DATA |

········

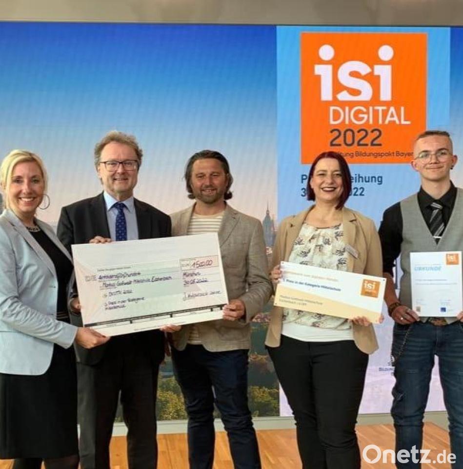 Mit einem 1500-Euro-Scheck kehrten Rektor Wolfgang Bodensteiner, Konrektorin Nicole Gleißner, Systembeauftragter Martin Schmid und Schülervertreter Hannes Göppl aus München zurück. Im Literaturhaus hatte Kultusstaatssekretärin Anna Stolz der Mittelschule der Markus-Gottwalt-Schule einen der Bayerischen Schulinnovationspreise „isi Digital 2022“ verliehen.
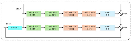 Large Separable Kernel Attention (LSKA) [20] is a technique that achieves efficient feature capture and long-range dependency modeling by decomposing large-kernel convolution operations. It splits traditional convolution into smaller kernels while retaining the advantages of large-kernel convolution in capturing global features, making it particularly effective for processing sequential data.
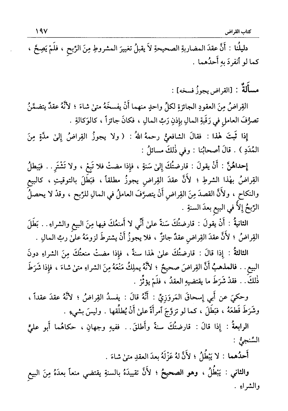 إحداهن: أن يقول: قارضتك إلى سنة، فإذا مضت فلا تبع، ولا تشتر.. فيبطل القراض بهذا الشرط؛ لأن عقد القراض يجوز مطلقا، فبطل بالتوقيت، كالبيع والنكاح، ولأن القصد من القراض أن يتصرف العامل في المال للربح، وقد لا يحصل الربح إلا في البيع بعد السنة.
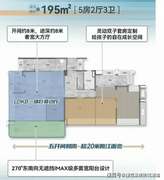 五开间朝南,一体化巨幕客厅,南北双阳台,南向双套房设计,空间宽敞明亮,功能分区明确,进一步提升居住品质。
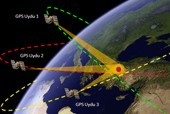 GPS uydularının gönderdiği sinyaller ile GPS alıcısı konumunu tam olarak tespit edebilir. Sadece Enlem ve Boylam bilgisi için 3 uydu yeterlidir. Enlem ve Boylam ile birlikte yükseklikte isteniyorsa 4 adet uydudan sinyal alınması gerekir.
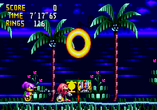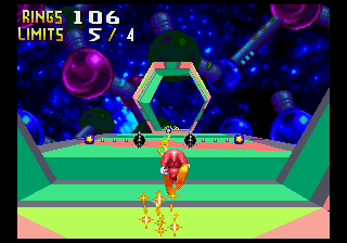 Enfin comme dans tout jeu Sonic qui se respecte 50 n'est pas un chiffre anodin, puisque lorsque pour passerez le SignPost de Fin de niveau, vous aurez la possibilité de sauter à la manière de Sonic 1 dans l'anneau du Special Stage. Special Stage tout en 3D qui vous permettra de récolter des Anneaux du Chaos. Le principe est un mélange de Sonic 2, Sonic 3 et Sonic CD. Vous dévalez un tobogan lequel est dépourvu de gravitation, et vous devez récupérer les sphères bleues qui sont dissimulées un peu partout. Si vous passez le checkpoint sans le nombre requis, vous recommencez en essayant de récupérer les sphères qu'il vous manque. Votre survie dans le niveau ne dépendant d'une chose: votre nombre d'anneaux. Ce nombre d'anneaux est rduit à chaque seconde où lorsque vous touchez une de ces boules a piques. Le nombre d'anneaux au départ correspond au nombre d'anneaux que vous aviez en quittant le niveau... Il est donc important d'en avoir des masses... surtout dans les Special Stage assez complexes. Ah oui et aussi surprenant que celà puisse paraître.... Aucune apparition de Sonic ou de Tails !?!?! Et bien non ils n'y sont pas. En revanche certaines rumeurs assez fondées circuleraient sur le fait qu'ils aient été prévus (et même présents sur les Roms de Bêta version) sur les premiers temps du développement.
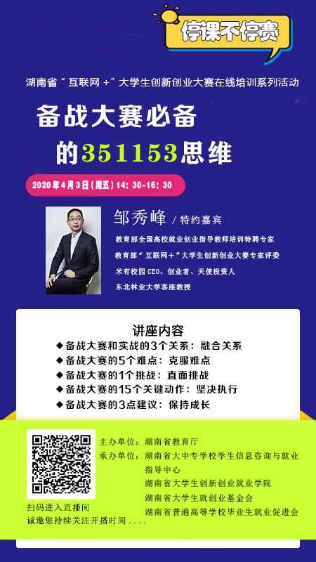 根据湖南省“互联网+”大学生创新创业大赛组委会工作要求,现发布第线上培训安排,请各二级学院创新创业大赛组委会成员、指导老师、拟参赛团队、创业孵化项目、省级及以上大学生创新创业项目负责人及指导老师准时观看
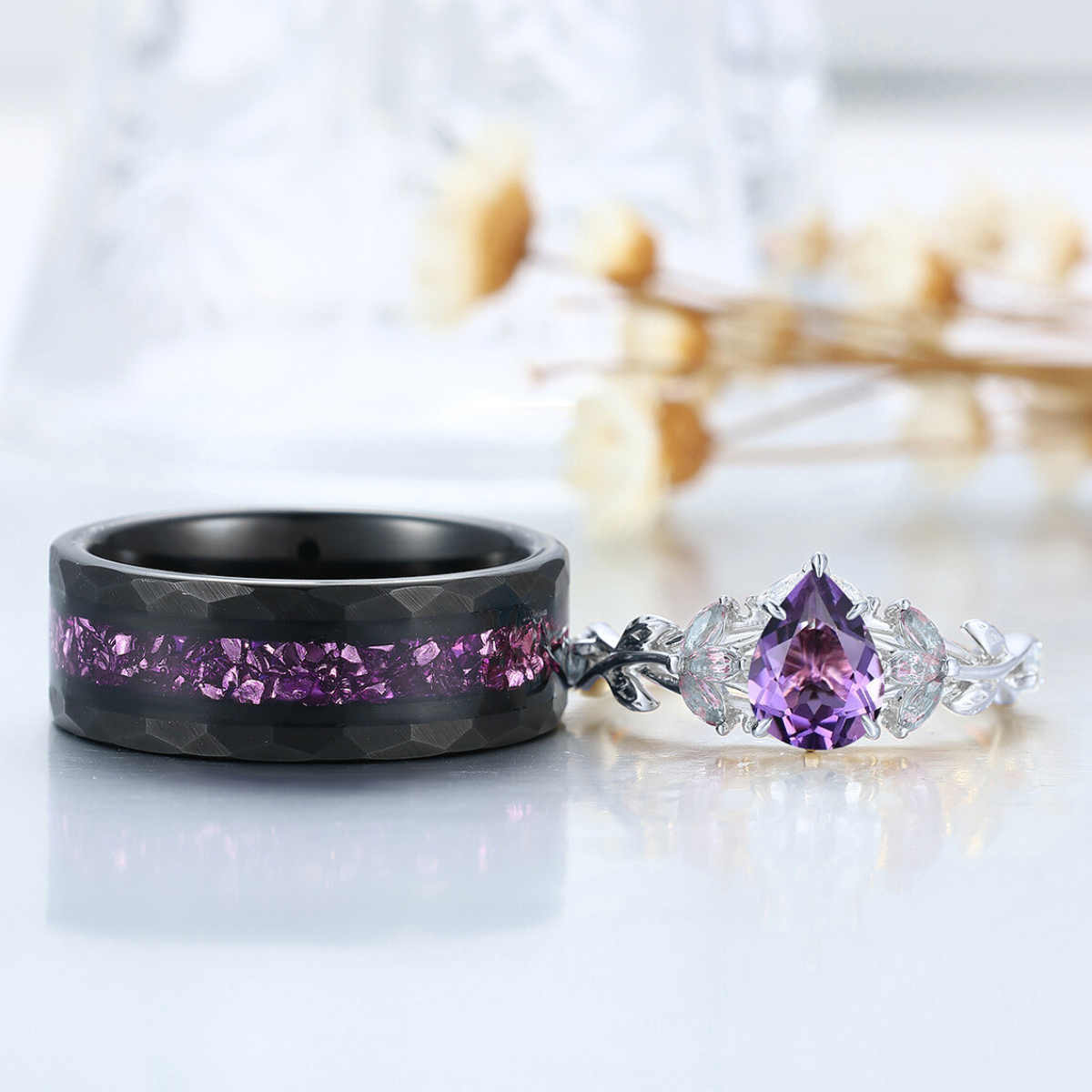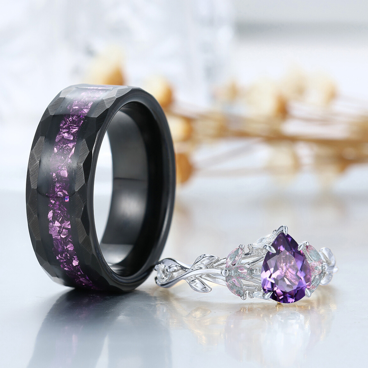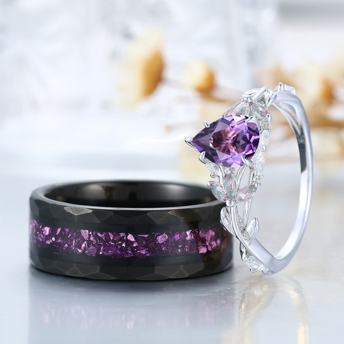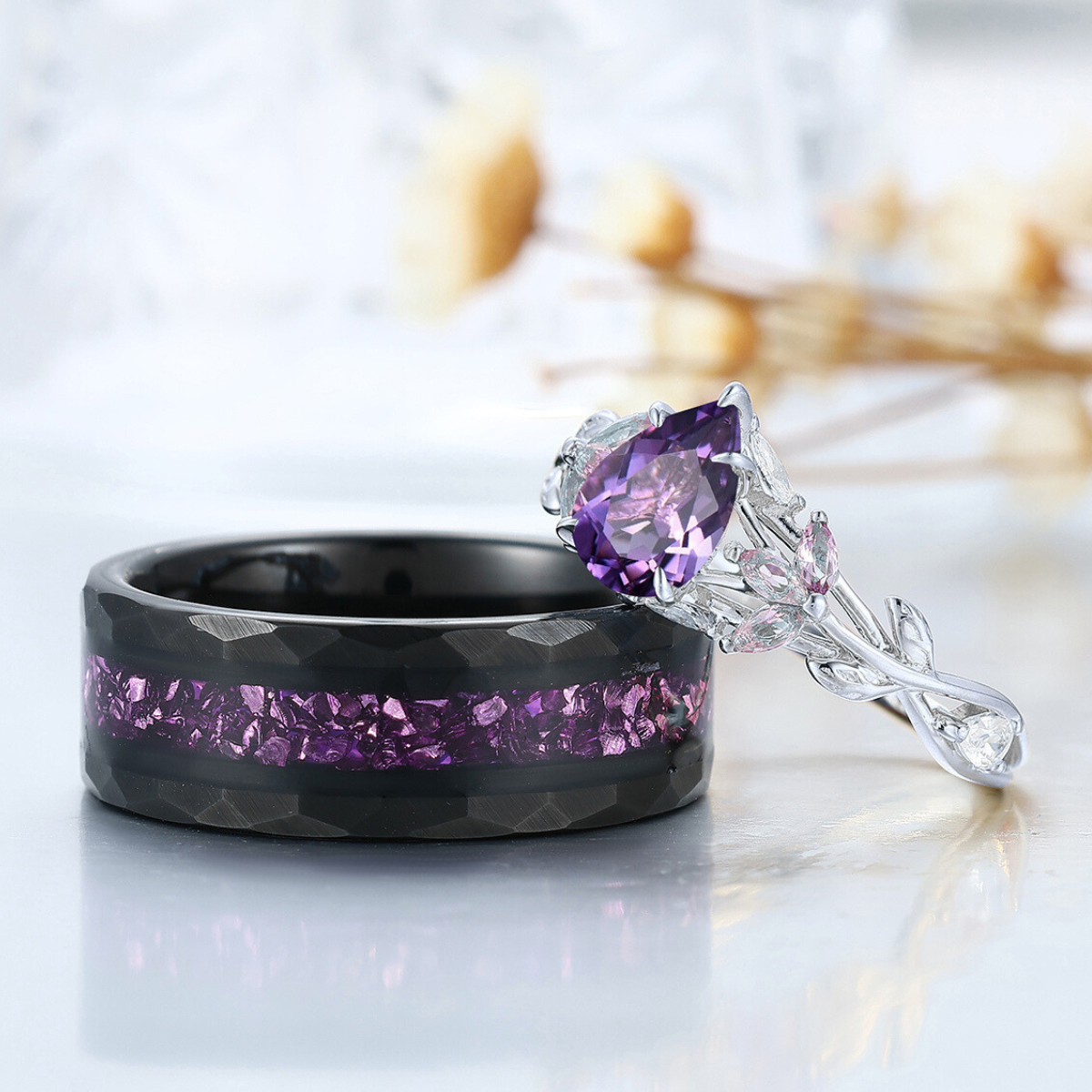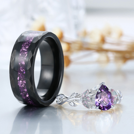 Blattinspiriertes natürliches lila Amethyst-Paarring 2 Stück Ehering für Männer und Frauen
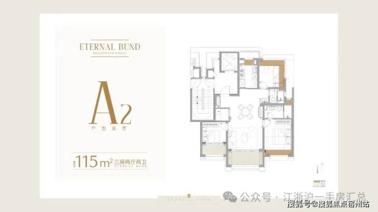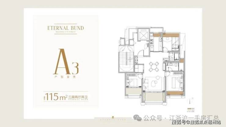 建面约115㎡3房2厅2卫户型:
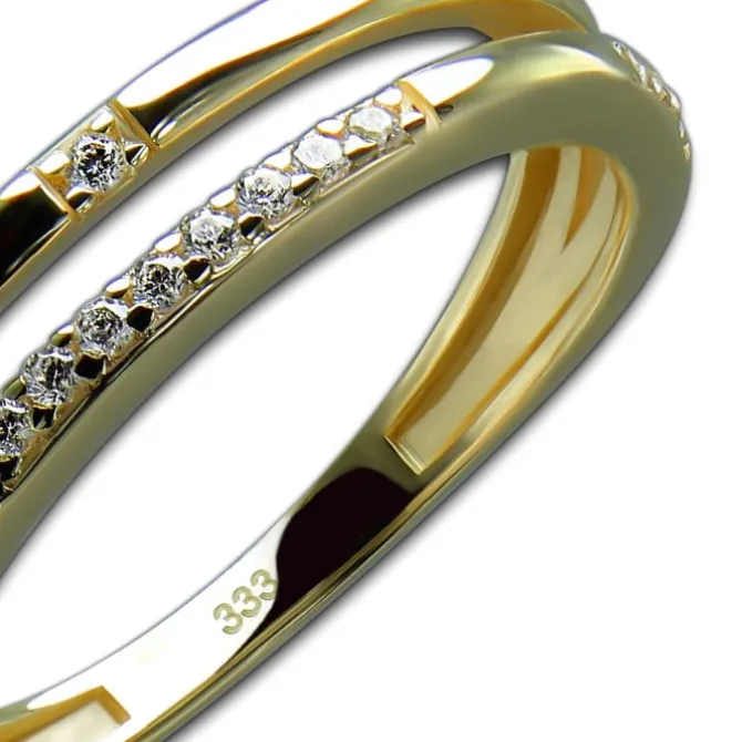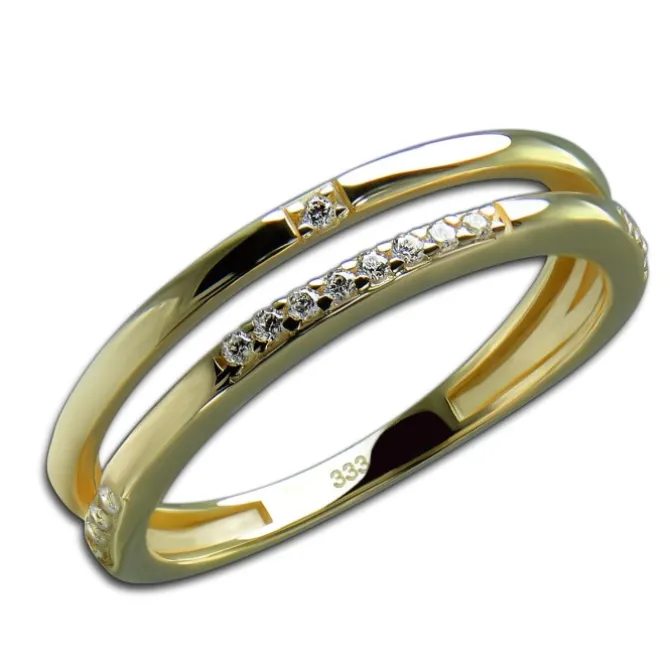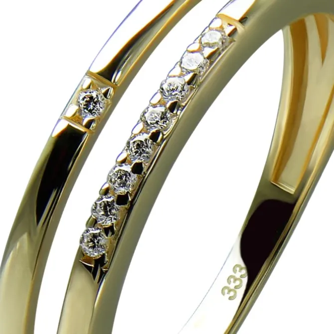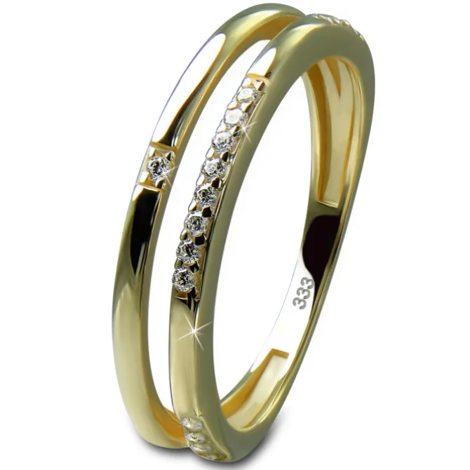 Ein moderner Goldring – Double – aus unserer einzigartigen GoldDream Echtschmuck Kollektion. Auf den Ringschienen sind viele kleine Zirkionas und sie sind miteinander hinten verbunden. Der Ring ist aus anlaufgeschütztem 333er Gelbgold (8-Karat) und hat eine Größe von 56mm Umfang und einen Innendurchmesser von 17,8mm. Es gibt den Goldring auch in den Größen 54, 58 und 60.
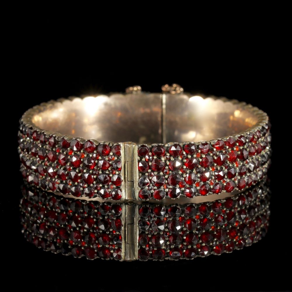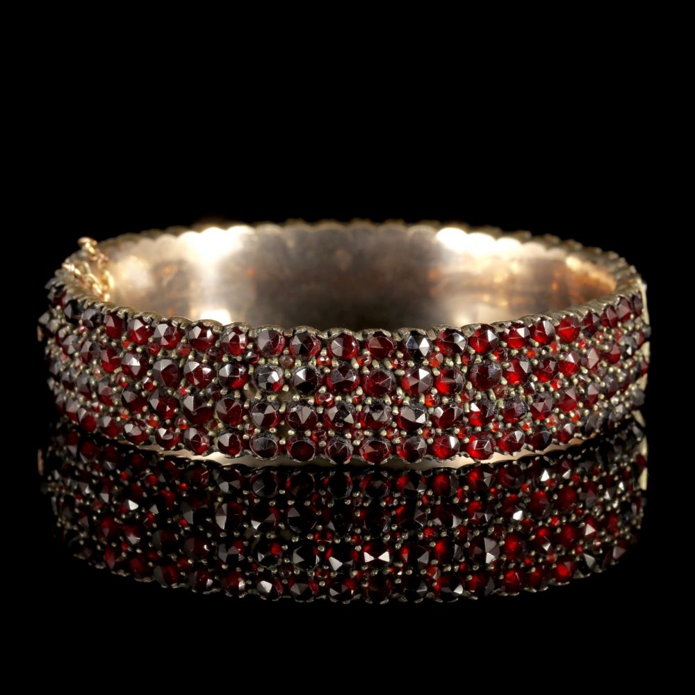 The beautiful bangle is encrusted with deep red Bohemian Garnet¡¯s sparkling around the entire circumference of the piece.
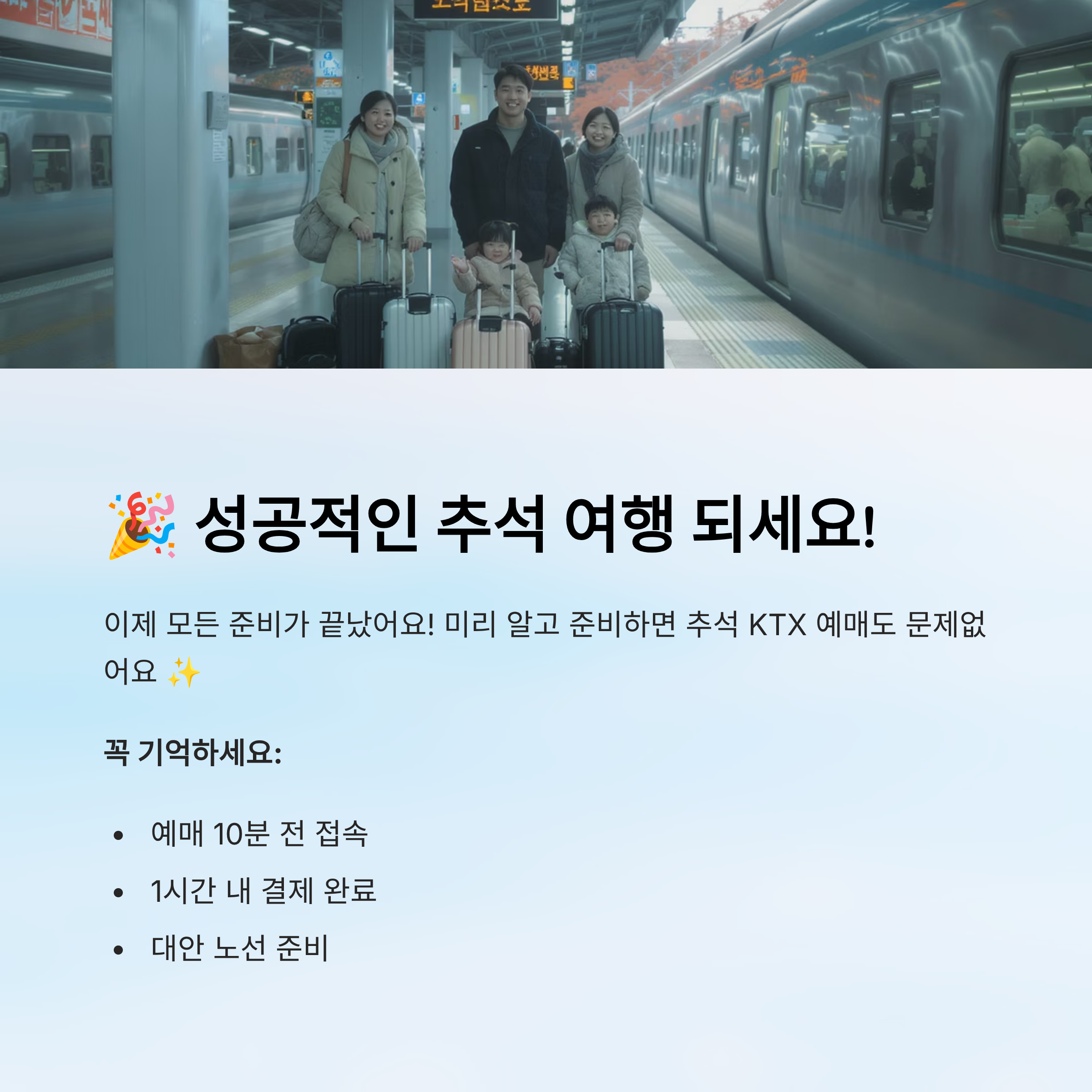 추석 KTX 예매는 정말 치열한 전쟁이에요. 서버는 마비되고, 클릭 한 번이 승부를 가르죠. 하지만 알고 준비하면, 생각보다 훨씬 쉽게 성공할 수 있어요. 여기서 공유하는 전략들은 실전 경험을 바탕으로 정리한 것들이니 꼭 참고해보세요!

········

EXERCISE REQUIREMENTS |
What is needed is an exact copy of every entry, minus the images.

RESULT OF THE EXERCISE |
 Mit einem 1500-Euro-Scheck kehrten Rektor Wolfgang Bodensteiner, Konrektorin Nicole Gleißner, Systembeauftragter Martin Schmid und Schülervertreter Hannes Göppl aus München zurück. Im Literaturhaus hatte Kultusstaatssekretärin Anna Stolz der Mittelschule der Markus-Gottwalt-Schule einen der Bayerischen Schulinnovationspreise „isi Digital 2022“ verliehen.
 Large Separable Kernel Attention (LSKA) [20] is a technique that achieves efficient feature capture and long-range dependency modeling by decomposing large-kernel convolution operations. It splits traditional convolution into smaller kernels while retaining the advantages of large-kernel convolution in capturing global features, making it particularly effective for processing sequential data.
 إحداهن: أن يقول: قارضتك إلى سنة، فإذا مضت فلا تبع، ولا تشتر.. فيبطل القراض بهذا الشرط؛ لأن عقد القراض يجوز مطلقا، فبطل بالتوقيت، كالبيع والنكاح، ولأن القصد من القراض أن يتصرف العامل في المال للربح، وقد لا يحصل الربح إلا في البيع بعد السنة.
 五开间朝南,一体化巨幕客厅,南北双阳台,南向双套房设计,空间宽敞明亮,功能分区明确,进一步提升居住品质。
 GPS uydularının gönderdiği sinyaller ile GPS alıcısı konumunu tam olarak tespit edebilir. Sadece Enlem ve Boylam bilgisi için 3 uydu yeterlidir. Enlem ve Boylam ile birlikte yükseklikte isteniyorsa 4 adet uydudan sinyal alınması gerekir.
 Enfin comme dans tout jeu Sonic qui se respecte 50 n'est pas un chiffre anodin, puisque lorsque pour passerez le SignPost de Fin de niveau, vous aurez la possibilité de sauter à la manière de Sonic 1 dans l'anneau du Special Stage. Special Stage tout en 3D qui vous permettra de récolter des Anneaux du Chaos. Le principe est un mélange de Sonic 2, Sonic 3 et Sonic CD. Vous dévalez un tobogan lequel est dépourvu de gravitation, et vous devez récupérer les sphères bleues qui sont dissimulées un peu partout. Si vous passez le checkpoint sans le nombre requis, vous recommencez en essayant de récupérer les sphères qu'il vous manque. Votre survie dans le niveau ne dépendant d'une chose: votre nombre d'anneaux. Ce nombre d'anneaux est rduit à chaque seconde où lorsque vous touchez une de ces boules a piques. Le nombre d'anneaux au départ correspond au nombre d'anneaux que vous aviez en quittant le niveau... Il est donc important d'en avoir des masses... surtout dans les Special Stage assez complexes. Ah oui et aussi surprenant que celà puisse paraître.... Aucune apparition de Sonic ou de Tails !?!?! Et bien non ils n'y sont pas. En revanche certaines rumeurs assez fondées circuleraient sur le fait qu'ils aient été prévus (et même présents sur les Roms de Bêta version) sur les premiers temps du développement.
 根据湖南省“互联网+”大学生创新创业大赛组委会工作要求,现发布第线上培训安排,请各二级学院创新创业大赛组委会成员、指导老师、拟参赛团队、创业孵化项目、省级及以上大学生创新创业项目负责人及指导老师准时观看
 Blattinspiriertes natürliches lila Amethyst-Paarring 2 Stück Ehering für Männer und Frauen
 建面约115㎡3房2厅2卫户型:
 Ein moderner Goldring – Double – aus unserer einzigartigen GoldDream Echtschmuck Kollektion. Auf den Ringschienen sind viele kleine Zirkionas und sie sind miteinander hinten verbunden. Der Ring ist aus anlaufgeschütztem 333er Gelbgold (8-Karat) und hat eine Größe von 56mm Umfang und einen Innendurchmesser von 17,8mm. Es gibt den Goldring auch in den Größen 54, 58 und 60.
 The beautiful bangle is encrusted with deep red Bohemian Garnet¡¯s sparkling around the entire circumference of the piece.
 추석 KTX 예매는 정말 치열한 전쟁이에요. 서버는 마비되고, 클릭 한 번이 승부를 가르죠. 하지만 알고 준비하면, 생각보다 훨씬 쉽게 성공할 수 있어요. 여기서 공유하는 전략들은 실전 경험을 바탕으로 정리한 것들이니 꼭 참고해보세요!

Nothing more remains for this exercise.